▶ Exercise description: With the pictures omitted, print exactly the lines below, from the one containing "武汉市城铁技工学校23级学习标兵" through the one containing "KUTAI TIMUR, Netizens.id", and nothing else.

▶ Recorded information:
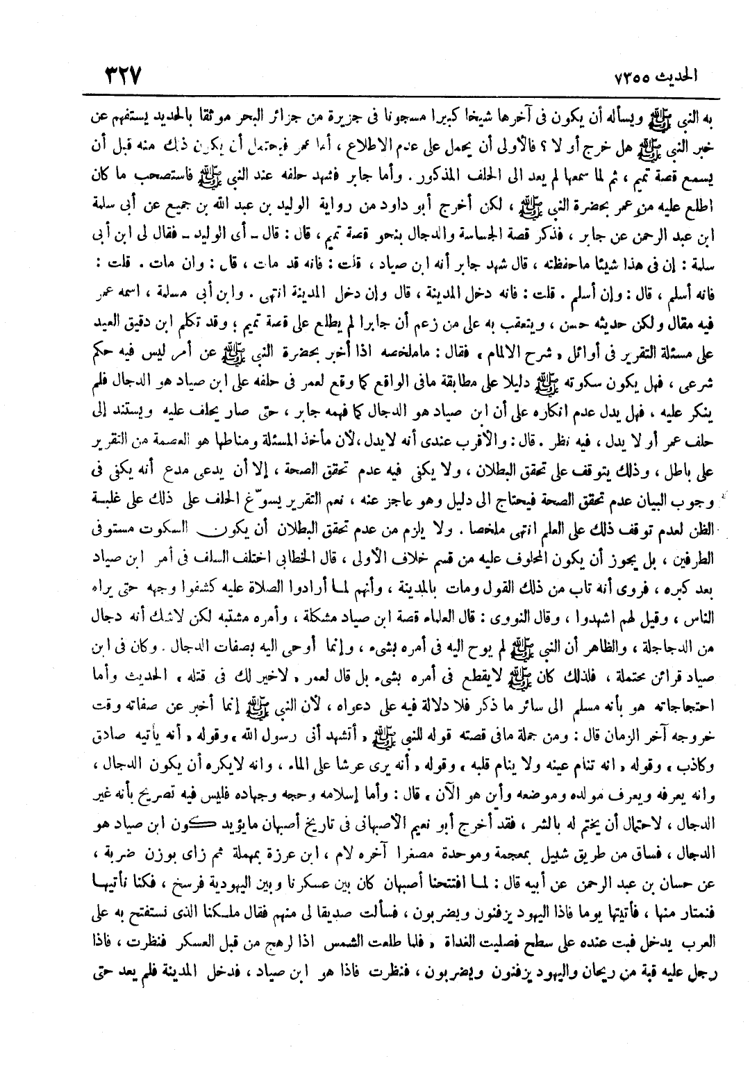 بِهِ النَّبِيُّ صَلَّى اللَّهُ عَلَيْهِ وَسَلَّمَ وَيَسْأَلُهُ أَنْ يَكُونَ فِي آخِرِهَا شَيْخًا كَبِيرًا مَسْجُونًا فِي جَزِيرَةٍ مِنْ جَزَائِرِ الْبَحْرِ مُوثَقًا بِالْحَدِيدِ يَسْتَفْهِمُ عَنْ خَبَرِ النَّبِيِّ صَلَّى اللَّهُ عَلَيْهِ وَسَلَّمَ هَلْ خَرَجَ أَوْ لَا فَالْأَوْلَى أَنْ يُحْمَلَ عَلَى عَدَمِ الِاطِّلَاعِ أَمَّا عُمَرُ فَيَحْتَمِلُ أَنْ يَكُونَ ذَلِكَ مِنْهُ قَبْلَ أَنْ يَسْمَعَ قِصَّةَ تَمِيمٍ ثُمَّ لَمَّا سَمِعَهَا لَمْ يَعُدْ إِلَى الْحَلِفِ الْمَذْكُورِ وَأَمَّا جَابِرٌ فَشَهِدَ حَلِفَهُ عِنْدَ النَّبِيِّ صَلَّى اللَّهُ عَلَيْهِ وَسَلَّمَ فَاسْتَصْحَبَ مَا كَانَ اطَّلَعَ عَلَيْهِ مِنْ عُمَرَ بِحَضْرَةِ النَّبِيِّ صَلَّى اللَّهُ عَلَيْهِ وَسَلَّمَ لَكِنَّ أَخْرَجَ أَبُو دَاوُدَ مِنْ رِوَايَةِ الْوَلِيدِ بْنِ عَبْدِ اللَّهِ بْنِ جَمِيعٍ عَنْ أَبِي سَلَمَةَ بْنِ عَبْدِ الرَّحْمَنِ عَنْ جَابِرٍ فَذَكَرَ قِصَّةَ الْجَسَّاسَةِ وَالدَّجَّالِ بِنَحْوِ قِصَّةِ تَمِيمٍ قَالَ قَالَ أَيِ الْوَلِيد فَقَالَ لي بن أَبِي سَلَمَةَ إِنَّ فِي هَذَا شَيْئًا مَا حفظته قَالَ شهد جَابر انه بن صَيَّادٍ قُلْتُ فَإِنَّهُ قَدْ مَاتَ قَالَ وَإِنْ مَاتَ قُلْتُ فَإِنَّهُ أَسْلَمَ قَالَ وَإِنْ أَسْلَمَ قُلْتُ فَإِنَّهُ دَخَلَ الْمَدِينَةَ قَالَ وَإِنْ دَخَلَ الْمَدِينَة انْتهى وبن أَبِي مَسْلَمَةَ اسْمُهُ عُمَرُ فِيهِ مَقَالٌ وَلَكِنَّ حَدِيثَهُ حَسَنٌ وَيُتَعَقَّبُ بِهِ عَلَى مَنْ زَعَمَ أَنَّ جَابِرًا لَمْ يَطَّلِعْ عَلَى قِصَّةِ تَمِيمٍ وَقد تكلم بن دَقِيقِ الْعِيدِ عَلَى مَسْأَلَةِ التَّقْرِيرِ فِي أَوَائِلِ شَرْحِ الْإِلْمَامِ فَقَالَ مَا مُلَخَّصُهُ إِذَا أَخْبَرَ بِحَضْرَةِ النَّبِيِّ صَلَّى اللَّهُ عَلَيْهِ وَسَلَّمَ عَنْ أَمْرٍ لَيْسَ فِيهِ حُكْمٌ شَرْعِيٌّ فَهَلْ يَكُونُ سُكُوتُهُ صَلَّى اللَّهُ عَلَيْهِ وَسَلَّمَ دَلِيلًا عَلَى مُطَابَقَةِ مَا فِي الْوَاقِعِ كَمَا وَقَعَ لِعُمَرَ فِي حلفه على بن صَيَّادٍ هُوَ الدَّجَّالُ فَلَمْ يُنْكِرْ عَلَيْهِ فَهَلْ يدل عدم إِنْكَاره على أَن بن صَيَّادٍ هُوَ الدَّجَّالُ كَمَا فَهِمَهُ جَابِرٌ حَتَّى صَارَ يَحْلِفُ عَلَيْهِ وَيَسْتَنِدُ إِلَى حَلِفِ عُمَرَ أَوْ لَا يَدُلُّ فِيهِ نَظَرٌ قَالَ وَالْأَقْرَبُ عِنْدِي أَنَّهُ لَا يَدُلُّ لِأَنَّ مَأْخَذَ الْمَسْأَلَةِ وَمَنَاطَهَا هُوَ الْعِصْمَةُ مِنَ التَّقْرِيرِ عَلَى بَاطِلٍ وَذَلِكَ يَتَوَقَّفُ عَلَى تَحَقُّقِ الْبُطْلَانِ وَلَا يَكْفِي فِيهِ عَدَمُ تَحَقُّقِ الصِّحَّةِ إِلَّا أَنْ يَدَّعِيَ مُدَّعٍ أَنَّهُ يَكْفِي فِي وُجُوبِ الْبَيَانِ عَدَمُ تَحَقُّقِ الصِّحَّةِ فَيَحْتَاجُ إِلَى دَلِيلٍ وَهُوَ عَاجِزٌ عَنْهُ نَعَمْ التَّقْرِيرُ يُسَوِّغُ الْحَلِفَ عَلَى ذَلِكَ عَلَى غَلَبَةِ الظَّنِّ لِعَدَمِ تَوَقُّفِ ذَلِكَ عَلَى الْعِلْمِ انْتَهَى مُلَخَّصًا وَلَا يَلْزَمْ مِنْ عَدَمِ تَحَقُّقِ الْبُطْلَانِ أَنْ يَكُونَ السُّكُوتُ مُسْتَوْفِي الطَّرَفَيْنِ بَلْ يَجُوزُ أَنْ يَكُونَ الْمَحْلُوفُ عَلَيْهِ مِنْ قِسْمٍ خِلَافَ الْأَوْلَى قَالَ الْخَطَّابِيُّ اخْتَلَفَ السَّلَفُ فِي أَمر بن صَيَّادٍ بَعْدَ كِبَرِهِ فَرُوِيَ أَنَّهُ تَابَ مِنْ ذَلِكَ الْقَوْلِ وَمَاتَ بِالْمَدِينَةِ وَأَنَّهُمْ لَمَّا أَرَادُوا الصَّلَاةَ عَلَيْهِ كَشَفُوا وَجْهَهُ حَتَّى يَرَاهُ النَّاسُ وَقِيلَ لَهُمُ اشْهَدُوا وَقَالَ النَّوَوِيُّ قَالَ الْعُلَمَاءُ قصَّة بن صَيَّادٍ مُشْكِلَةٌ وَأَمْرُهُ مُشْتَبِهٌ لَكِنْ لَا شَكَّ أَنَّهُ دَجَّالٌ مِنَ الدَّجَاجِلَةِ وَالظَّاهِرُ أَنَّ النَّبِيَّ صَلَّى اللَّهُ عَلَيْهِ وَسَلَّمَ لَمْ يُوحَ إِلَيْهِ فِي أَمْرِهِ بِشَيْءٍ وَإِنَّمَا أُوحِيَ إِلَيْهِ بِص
* * *
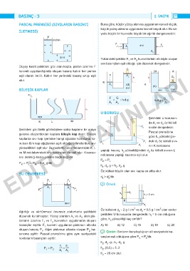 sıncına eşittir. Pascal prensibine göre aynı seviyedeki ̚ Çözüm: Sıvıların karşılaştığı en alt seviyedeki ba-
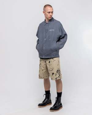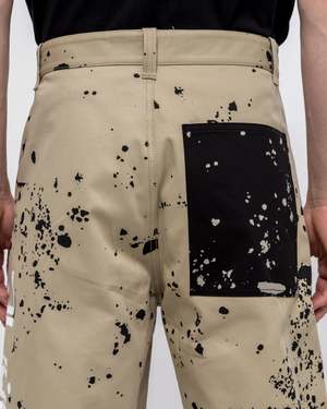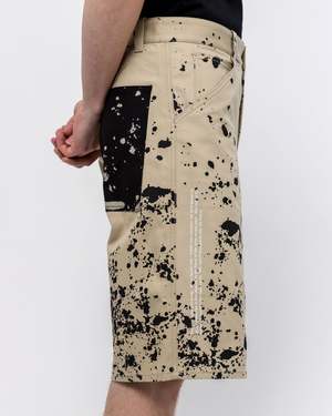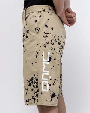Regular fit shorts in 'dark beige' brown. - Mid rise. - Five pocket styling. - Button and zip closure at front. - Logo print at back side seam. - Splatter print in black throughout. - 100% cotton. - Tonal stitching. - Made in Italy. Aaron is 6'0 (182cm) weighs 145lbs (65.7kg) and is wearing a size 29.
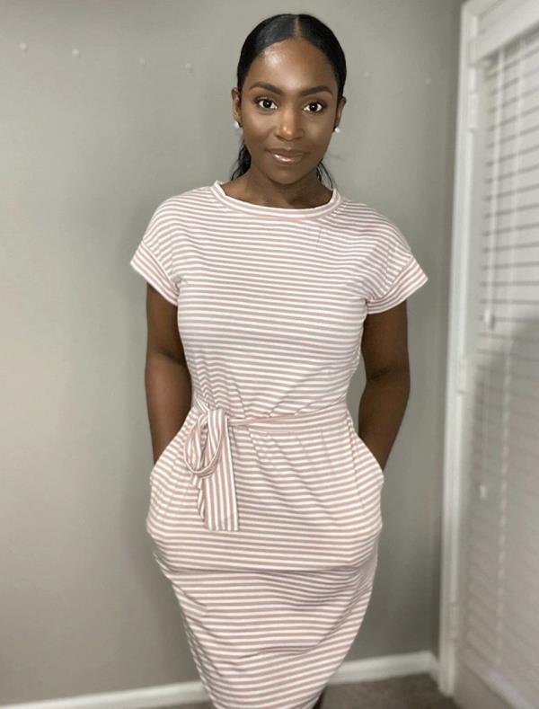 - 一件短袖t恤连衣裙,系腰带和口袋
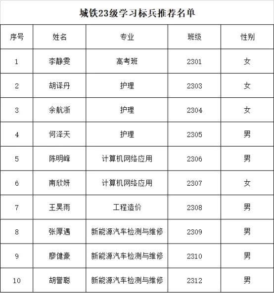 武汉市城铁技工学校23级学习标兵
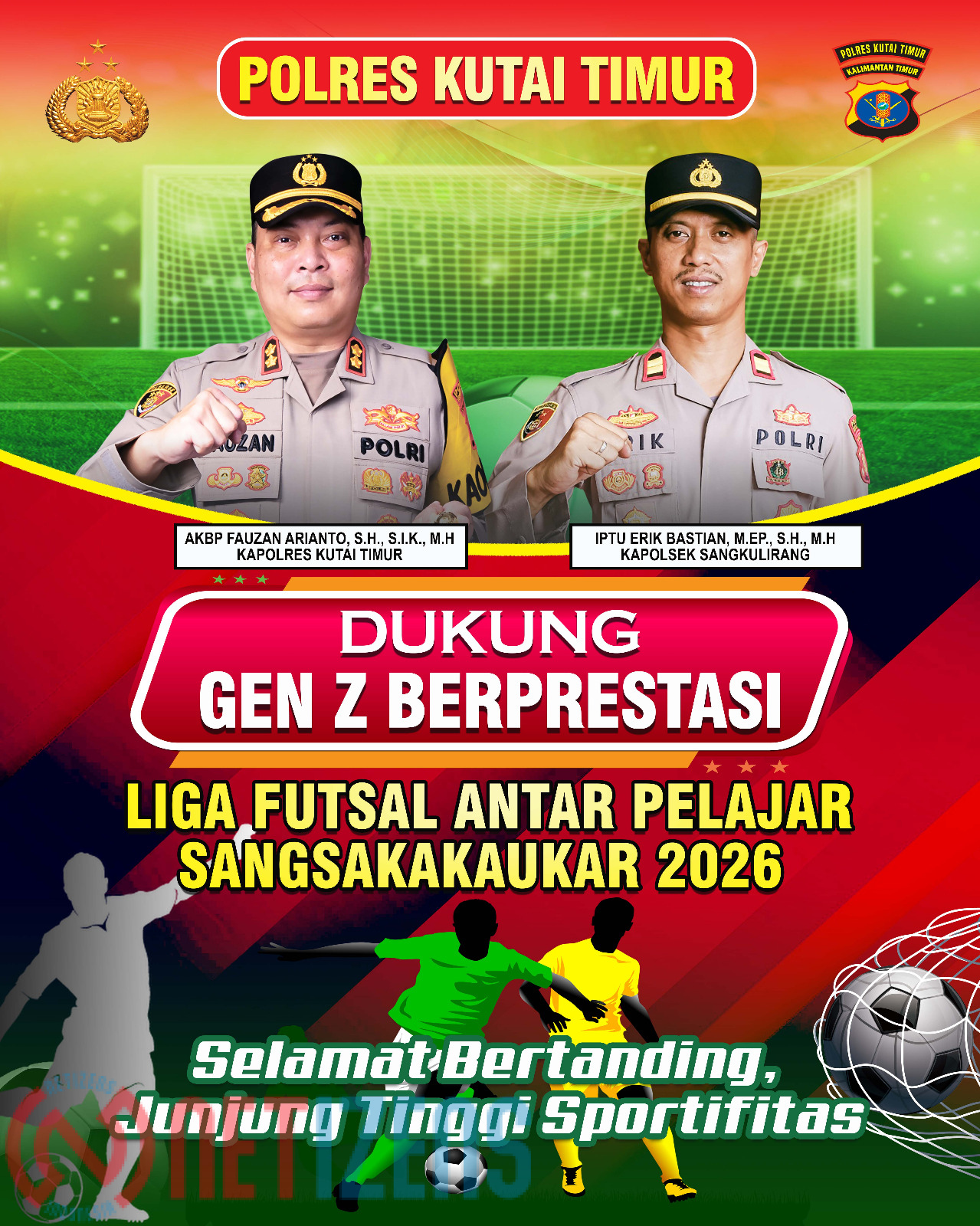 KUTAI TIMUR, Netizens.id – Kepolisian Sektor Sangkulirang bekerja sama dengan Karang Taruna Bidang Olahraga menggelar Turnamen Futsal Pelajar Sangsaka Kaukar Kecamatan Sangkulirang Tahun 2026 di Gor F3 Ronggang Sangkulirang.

▶ Solution to this exercise:
 武汉市城铁技工学校23级学习标兵
 KUTAI TIMUR, Netizens.id – Kepolisian Sektor Sangkulirang bekerja sama dengan Karang Taruna Bidang Olahraga menggelar Turnamen Futsal Pelajar Sangsaka Kaukar Kecamatan Sangkulirang Tahun 2026 di Gor F3 Ronggang Sangkulirang.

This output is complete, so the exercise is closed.